(INFORMATION SHOWN)
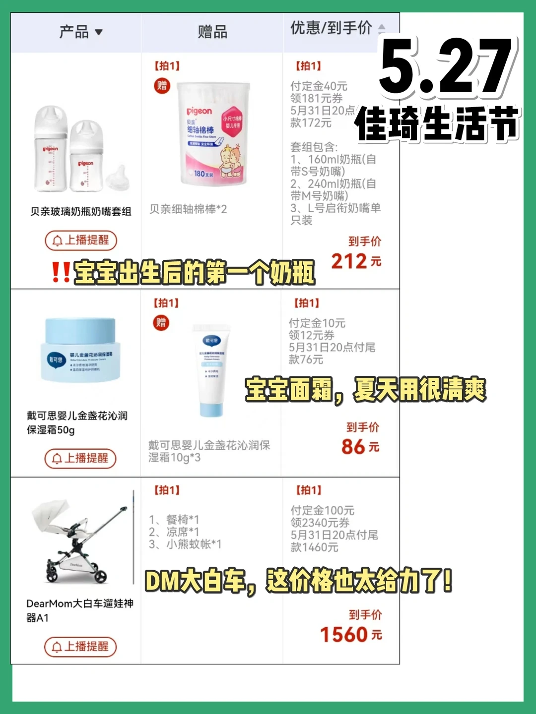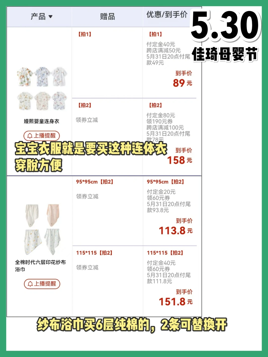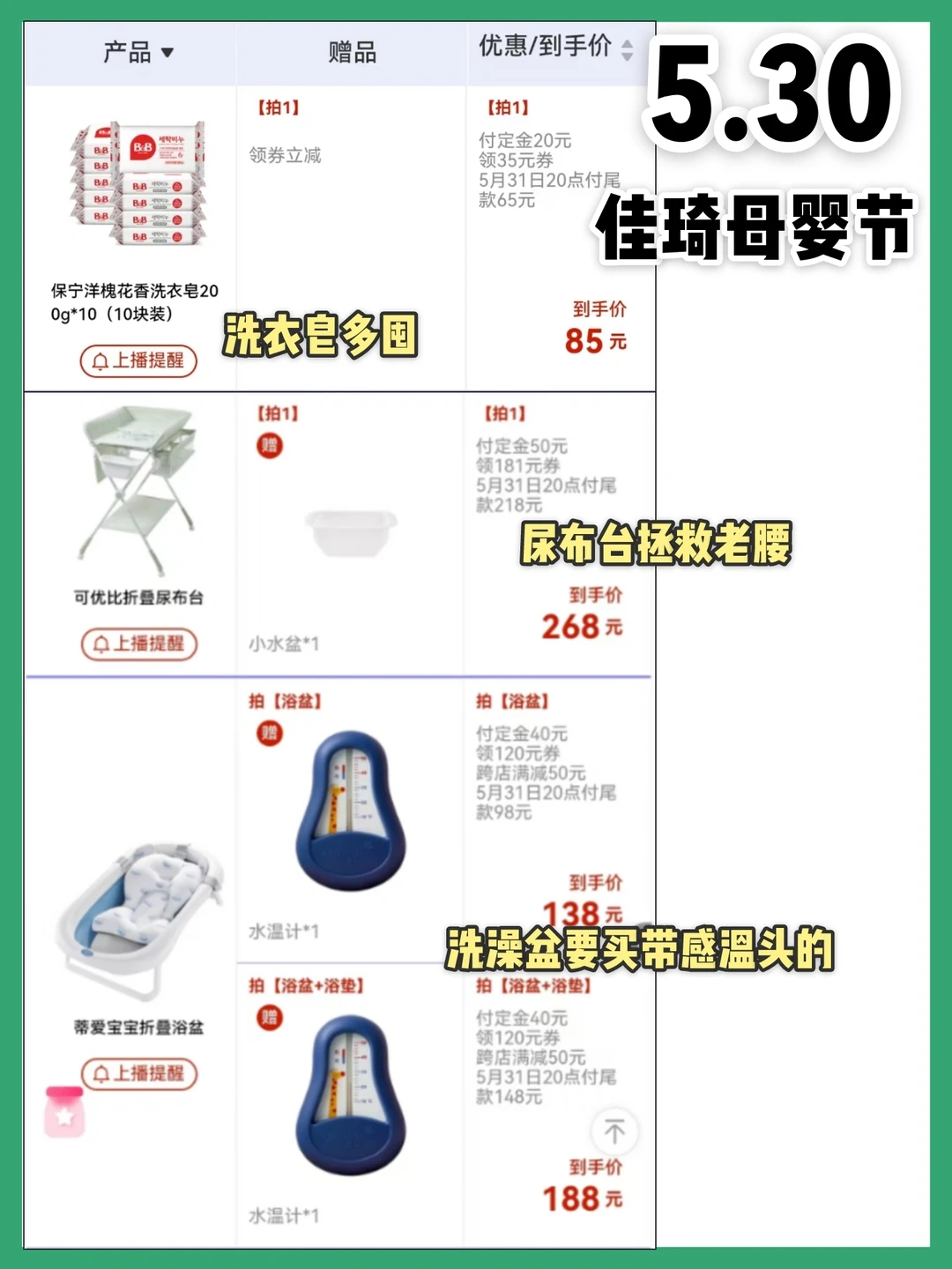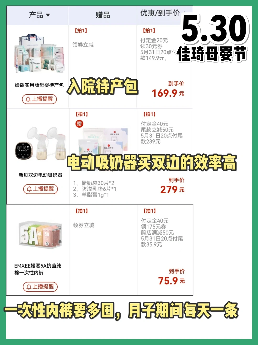 📣618李佳琦母婴清单来啦 📣超低价时间点 5月26日:预售第一天,最划算 5月27日:生活节直播有好价 5月30日:母婴节直播有好价 6月1日:活动第一天,力度最大 预产期6月-10月的孕妈妈们快冲,图2-4整理了母婴待产囤货清单,图5-10列了母婴用品的活动价格 🔥详细攻略都放在图中啦🔥 孕妈妈们快冲
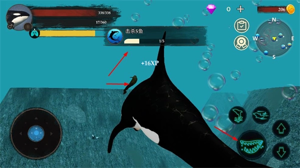 2、操控海洋生物在海域内游动,探索各个区域,搜寻猎物和任务目标。
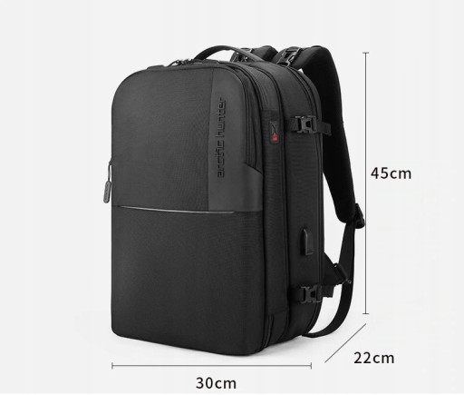 Biznesowy plecak na laptopa do 15,6" 2 in 1, który może być przez ciebie używany jako pojemny bagaż podręczny na wypady do kilku dni. Plecak pomieści laptopa do maksymalnych rozmiarów jak podane wyżej w specyfikacji. Plecak składa się z dwóch części, które można w łatwy sposób ze sobą połączyć. Pierwsza część to pojemny plecak, który można rozłożyć na płasko jak walizkę i zapakować do niego ubrania na kilkudniowy wyjazd lub używać na co dzień. Druga część jest przeznaczona na laptopa oraz akcesoria. Do każdej z części można przypiąć szelki i używać jako plecaka. W ten sposób masz do dyspozycji dwa plecaki, które za pomocą zamka można połączyć w jeden duży. Plecak został wykonany z wytrzymałego materiału - oxfordu. Zapewnia to wytrzymałość, wodoodporność oraz łatwość w czyszczeniu. Główną kieszeń plecaka możemy otworzyć jak walizkę, dzięki czemu mamy łatwy dostęp do jej całej zawartości. Plecak polecany zwłaszcza na kilkudniowe podróże lotnicze jako bagaż podręczny, gdzie liczy się wielkość i wygoda. Plecak można nosić jak zwykłą torbę ponieważ jest możliwość schowania szelek.
(End INFORMATION SHOWN)
Pictures excluded, copy the lines exactly from where the material starts to the line with "2、操控海洋生物在海域内游动,探索各个区域,搜寻猎物和任务目标。", inclusive.

 📣618李佳琦母婴清单来啦 📣超低价时间点 5月26日:预售第一天,最划算 5月27日:生活节直播有好价 5月30日:母婴节直播有好价 6月1日:活动第一天,力度最大 预产期6月-10月的孕妈妈们快冲,图2-4整理了母婴待产囤货清单,图5-10列了母婴用品的活动价格 🔥详细攻略都放在图中啦🔥 孕妈妈们快冲
 2、操控海洋生物在海域内游动,探索各个区域,搜寻猎物和任务目标。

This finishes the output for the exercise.